The reproductive cycle of S. chinensis sexuales necessitates sequential mate localization and copulatory behavior, followed by embryonic development and subsequent oviposition by gravid females. These energetically demanding processes—including mate-seeking locomotion, gametogenesis, and parturition—require substantial nutrient allocation. Paradoxically, sexual morphs exhibit complete mouthpart degeneration, eliminating feeding capacity throughout their whole life. This physiological constraint raises critical questions regarding their energy homeostasis: Could metabolic rate modulation, particularly respiratory downregulation, serve as an evolutionary adaptation to offset nutritional deficits during sexual reproduction? Current entomological research lacks empirical data on respiratory metabolism dynamics in S. chinensis, with no published studies quantifying its catabolic processes or energy budgeting strategies during critical life stages.

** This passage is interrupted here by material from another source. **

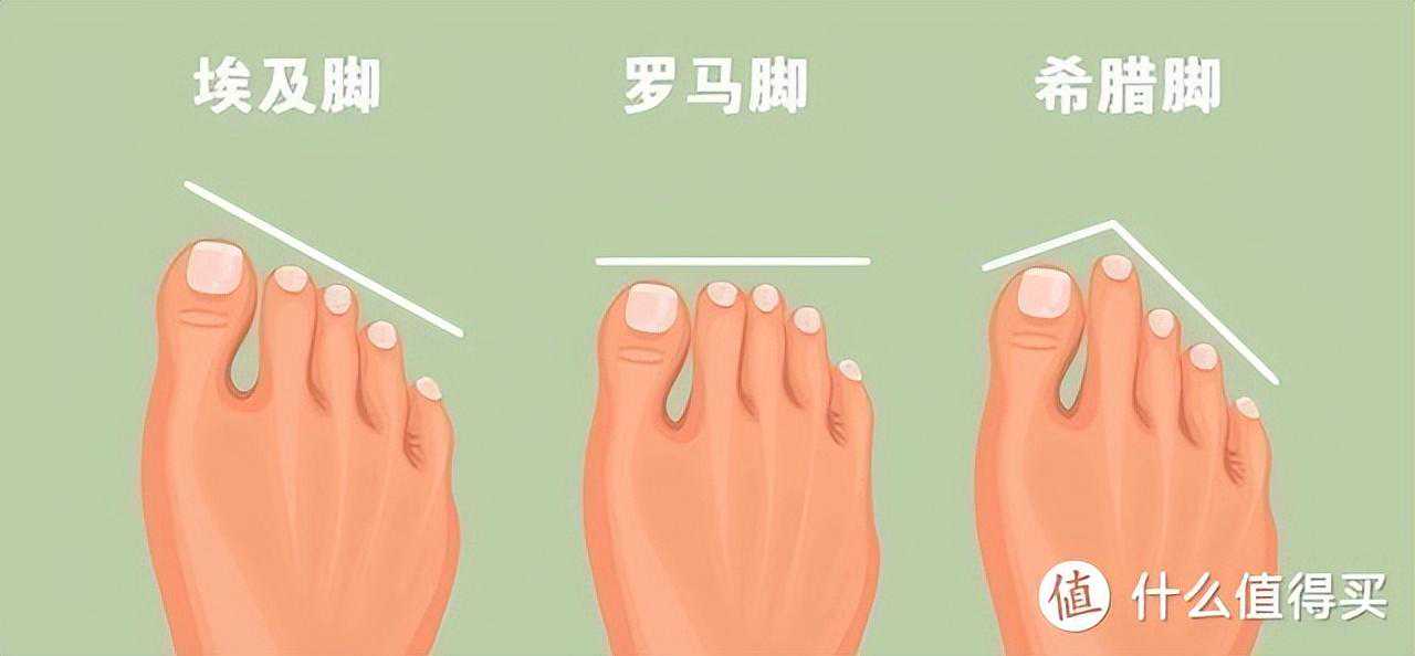 1、清楚自己是什么脚型通常,按照脚型分类,地球上的人们大概可分为希腊脚、埃及脚和罗马脚三类(如图1所示),而亚洲人大多以埃及脚为主,这种脚型的特点就是大拇指最长,其他脚趾依次递减,呈一条斜线。

This investigation employed an LI-6400XT portable photosynthesis system with a customized insect respiration chamber (6400-89) to quantify respiratory metabolic rates (RMRs) at different developmental stages of S. chinensis sexual morphs, including their parental sexuparae and progeny fundatrices. Utilizing high-resolution respirometry, we systematically evaluated the hypothesis that sexual aphids mitigate endogenous nutrient depletion through respiratory depression, while elucidating their evolutionary metabolic trade-offs. These findings establish mechanistic links between hypometabolic adaptation and reproductive success, providing actionable insights for optimizing gallnut production in controlled cultivation systems.
2. Materials and Methods
2.1. Insect Materials
Field-collected specimens of S. chinensis were obtained from the designated area for gallnut cultivation (30°10′12″ N, 110°52′36″ E; elevation 960 ± 15 m) in Bainianguan, Wufeng Tujia Autonomous County, Hubei Province. Newly emerged sexuparae were collected from the cultivated moss nursery and subsequently transferred to 90 mm Petri dishes lined with moistened filter paper under controlled laboratory conditions (25 ± 1 °C, 80% RH, 16:8 L:D). Continuous monitoring commenced upon initiation of parturition, with daily collection of neonate progeny (males and females) and the newborn fundatrices produced by females.
2.2. RMR Measurements
We employed an LI-6400XT portable photosynthesis system (LI-COR Biosciences, Lincoln, NE, USA)) equipped with a customized insect respiration chamber (6400-89) to quantify respiratory metabolic rates across three distinct daily phases: 9:00–12:00, 14:00–17:00, and 19:00–22:00. The experimental design incorporated four aphid morphotypes (sexuparae, females, males, and fundatrices), with all specimens selected for uniform size and confirmed vitality through pre-experimental screening. Prior to measurements, 100 sexuparae or 400 individuals for other morphotypes underwent 30 min of environmental acclimation within the respiration chamber under standardized conditions (24 ± 0.5 °C, 70 ± 5% RH). Continuous CO_2_ flux monitoring commenced following stabilization of the emission curves (defined as <5% variation over 5-min intervals), with high-frequency data acquisition at 2-s resolution. Each group of samples was measured for 15 min, and the respiratory metabolic rate (μg·g^−1^·min^−1^) was automatically recorded by the instrument recorder. The experimental design implemented five independent biological replicates per morphotype–temporal combination, with strict avoidance of individual reuse across the experimental groups.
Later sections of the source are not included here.